▶ WHAT IS NEEDED: Output all entries exactly as they appear and skip the pictures.

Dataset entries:
#####

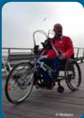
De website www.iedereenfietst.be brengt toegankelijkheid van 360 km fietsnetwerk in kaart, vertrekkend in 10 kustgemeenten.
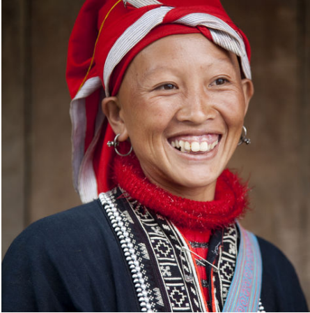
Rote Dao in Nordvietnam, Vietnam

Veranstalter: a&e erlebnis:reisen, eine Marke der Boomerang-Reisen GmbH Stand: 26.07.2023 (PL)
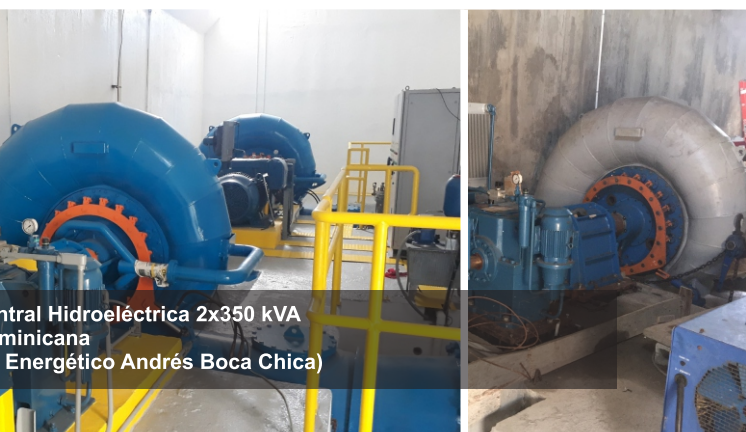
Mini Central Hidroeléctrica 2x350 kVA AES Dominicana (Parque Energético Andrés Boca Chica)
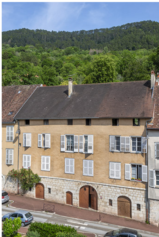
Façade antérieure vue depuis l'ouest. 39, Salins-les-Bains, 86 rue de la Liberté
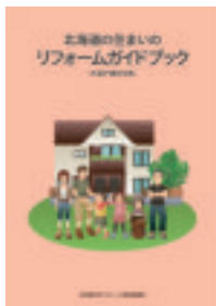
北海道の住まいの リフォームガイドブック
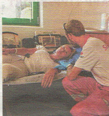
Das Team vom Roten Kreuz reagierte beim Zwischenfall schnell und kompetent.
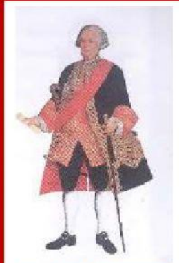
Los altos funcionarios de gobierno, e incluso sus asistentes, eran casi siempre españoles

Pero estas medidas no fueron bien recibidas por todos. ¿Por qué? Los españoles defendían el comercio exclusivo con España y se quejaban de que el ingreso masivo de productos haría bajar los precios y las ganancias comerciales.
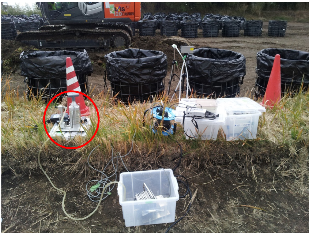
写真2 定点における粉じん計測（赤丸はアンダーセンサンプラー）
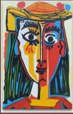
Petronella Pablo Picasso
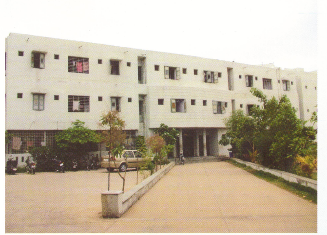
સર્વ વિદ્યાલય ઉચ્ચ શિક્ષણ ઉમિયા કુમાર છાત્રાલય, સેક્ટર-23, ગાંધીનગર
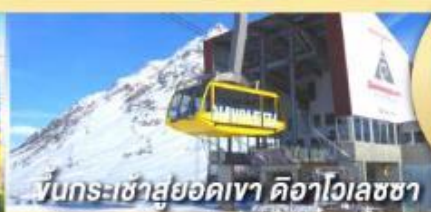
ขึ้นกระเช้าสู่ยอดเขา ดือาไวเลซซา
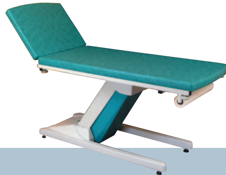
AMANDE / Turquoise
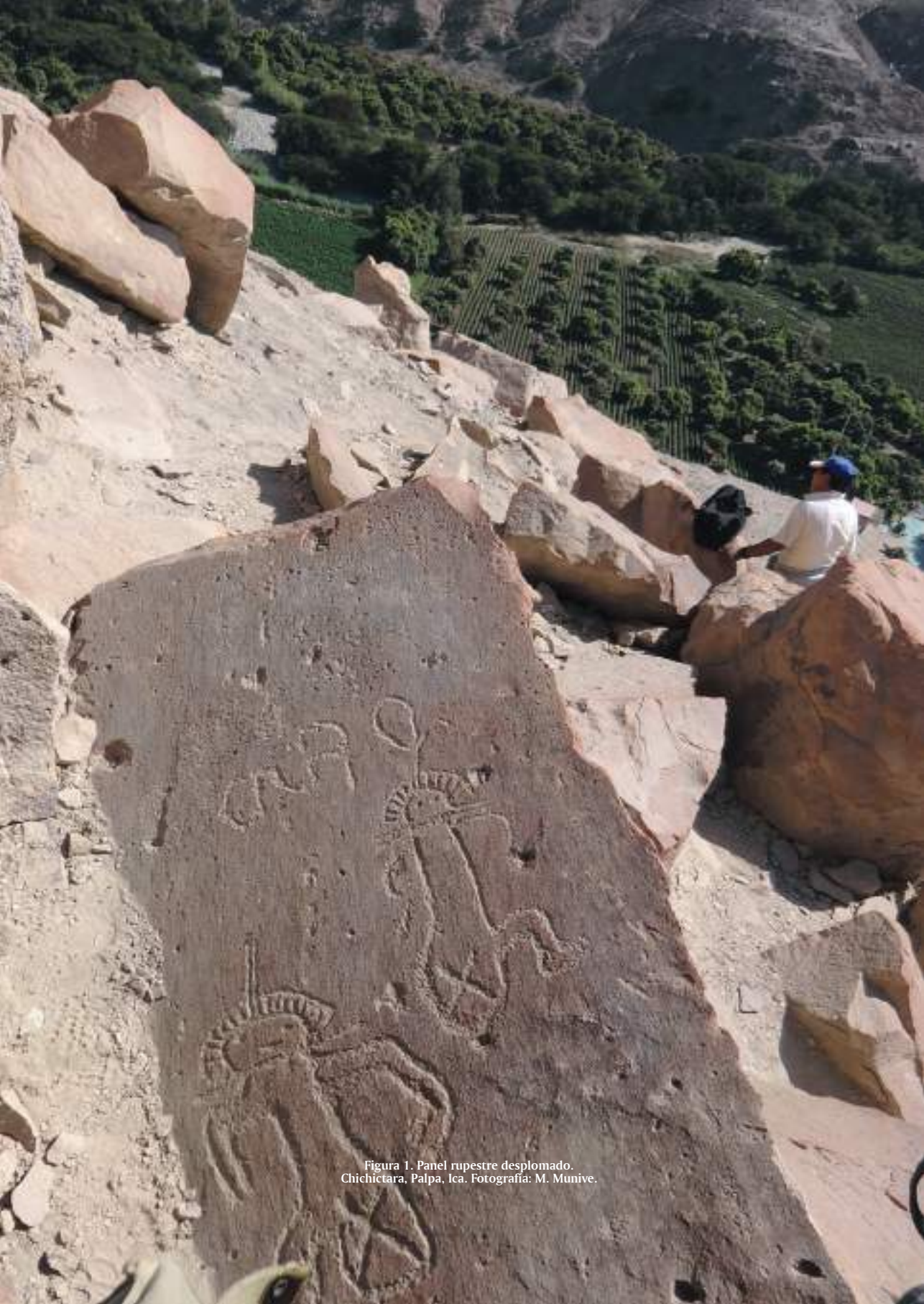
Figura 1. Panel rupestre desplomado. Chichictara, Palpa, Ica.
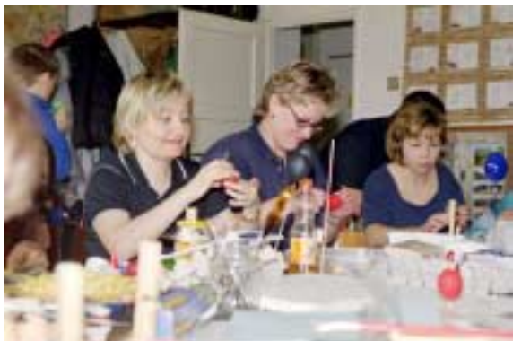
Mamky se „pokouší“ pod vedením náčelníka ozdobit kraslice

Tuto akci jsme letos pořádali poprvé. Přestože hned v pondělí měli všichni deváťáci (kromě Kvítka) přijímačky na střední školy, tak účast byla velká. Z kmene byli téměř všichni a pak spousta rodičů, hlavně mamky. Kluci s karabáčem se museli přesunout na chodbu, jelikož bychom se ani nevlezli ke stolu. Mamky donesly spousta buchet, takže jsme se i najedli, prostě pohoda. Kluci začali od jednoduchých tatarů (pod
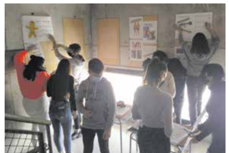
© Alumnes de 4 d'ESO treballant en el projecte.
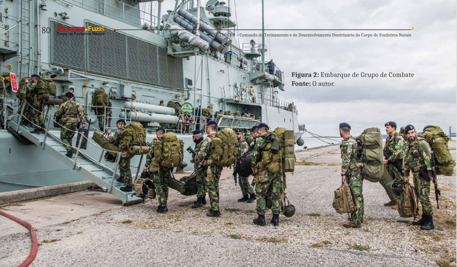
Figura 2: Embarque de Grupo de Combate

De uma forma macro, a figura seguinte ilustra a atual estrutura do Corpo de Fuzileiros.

#####

▶ ANSWER SPACE:
De website www.iedereenfietst.be brengt toegankelijkheid van 360 km fietsnetwerk in kaart, vertrekkend in 10 kustgemeenten.
Rote Dao in Nordvietnam, Vietnam

Veranstalter: a&e erlebnis:reisen, eine Marke der Boomerang-Reisen GmbH Stand: 26.07.2023 (PL)
Mini Central Hidroeléctrica 2x350 kVA AES Dominicana (Parque Energético Andrés Boca Chica)
Façade antérieure vue depuis l'ouest. 39, Salins-les-Bains, 86 rue de la Liberté
北海道の住まいの リフォームガイドブック
Das Team vom Roten Kreuz reagierte beim Zwischenfall schnell und kompetent.
Los altos funcionarios de gobierno, e incluso sus asistentes, eran casi siempre españoles

Pero estas medidas no fueron bien recibidas por todos. ¿Por qué? Los españoles defendían el comercio exclusivo con España y se quejaban de que el ingreso masivo de productos haría bajar los precios y las ganancias comerciales.
写真2 定点における粉じん計測（赤丸はアンダーセンサンプラー）
Petronella Pablo Picasso
સર્વ વિદ્યાલય ઉચ્ચ શિક્ષણ ઉમિયા કુમાર છાત્રાલય, સેક્ટર-23, ગાંધીનગર
ขึ้นกระเช้าสู่ยอดเขา ดือาไวเลซซา
AMANDE / Turquoise
Figura 1. Panel rupestre desplomado. Chichictara, Palpa, Ica.
Mamky se „pokouší“ pod vedením náčelníka ozdobit kraslice

Tuto akci jsme letos pořádali poprvé. Přestože hned v pondělí měli všichni deváťáci (kromě Kvítka) přijímačky na střední školy, tak účast byla velká. Z kmene byli téměř všichni a pak spousta rodičů, hlavně mamky. Kluci s karabáčem se museli přesunout na chodbu, jelikož bychom se ani nevlezli ke stolu. Mamky donesly spousta buchet, takže jsme se i najedli, prostě pohoda. Kluci začali od jednoduchých tatarů (pod
© Alumnes de 4 d'ESO treballant en el projecte.
Figura 2: Embarque de Grupo de Combate

De uma forma macro, a figura seguinte ilustra a atual estrutura do Corpo de Fuzileiros.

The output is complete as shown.